Problem description |
Leaving out pictures, output exactly the lines below from the one that has "Still, more than" through the one that has "Electronic Shut Off: The", and nothing else.

Entries supplied |
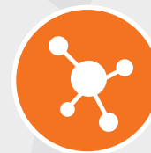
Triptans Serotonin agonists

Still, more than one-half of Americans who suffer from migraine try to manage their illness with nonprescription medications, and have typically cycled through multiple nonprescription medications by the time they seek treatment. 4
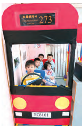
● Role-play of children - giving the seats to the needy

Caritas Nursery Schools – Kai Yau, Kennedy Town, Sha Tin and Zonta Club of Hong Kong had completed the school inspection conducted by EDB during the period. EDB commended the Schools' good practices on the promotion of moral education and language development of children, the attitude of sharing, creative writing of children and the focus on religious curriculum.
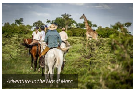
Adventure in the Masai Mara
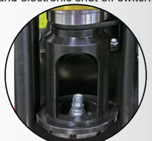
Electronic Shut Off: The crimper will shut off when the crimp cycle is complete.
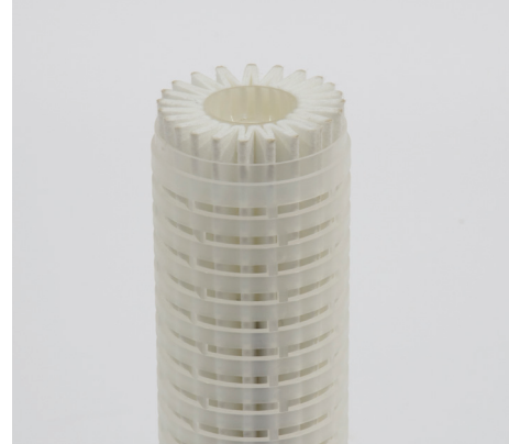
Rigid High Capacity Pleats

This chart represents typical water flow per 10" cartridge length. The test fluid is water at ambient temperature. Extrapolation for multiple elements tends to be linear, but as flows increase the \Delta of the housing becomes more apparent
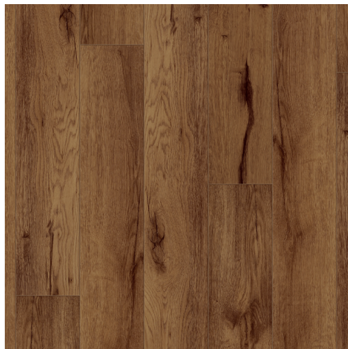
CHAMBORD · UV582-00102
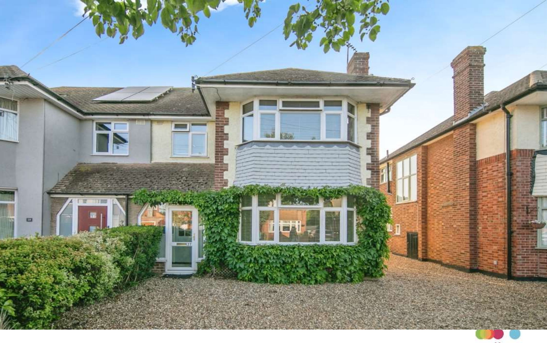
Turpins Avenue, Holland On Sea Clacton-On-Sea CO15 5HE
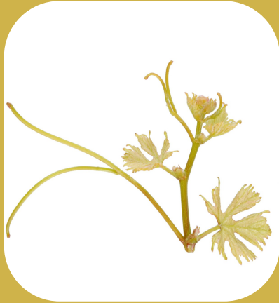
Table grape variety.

--

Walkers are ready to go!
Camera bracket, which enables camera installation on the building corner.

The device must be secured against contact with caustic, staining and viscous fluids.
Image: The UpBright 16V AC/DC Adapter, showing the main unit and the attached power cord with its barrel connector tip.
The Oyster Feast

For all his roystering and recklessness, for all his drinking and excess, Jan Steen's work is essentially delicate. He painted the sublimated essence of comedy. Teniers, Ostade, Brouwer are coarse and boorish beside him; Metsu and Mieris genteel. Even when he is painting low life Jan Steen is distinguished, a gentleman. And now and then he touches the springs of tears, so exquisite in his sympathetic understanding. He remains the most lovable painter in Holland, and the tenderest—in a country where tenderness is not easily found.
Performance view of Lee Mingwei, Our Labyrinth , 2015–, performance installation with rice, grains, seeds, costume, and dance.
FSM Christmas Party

Worked solution |
Still, more than one-half of Americans who suffer from migraine try to manage their illness with nonprescription medications, and have typically cycled through multiple nonprescription medications by the time they seek treatment. 4
● Role-play of children - giving the seats to the needy

Caritas Nursery Schools – Kai Yau, Kennedy Town, Sha Tin and Zonta Club of Hong Kong had completed the school inspection conducted by EDB during the period. EDB commended the Schools' good practices on the promotion of moral education and language development of children, the attitude of sharing, creative writing of children and the focus on religious curriculum.
Adventure in the Masai Mara
Electronic Shut Off: The crimper will shut off when the crimp cycle is complete.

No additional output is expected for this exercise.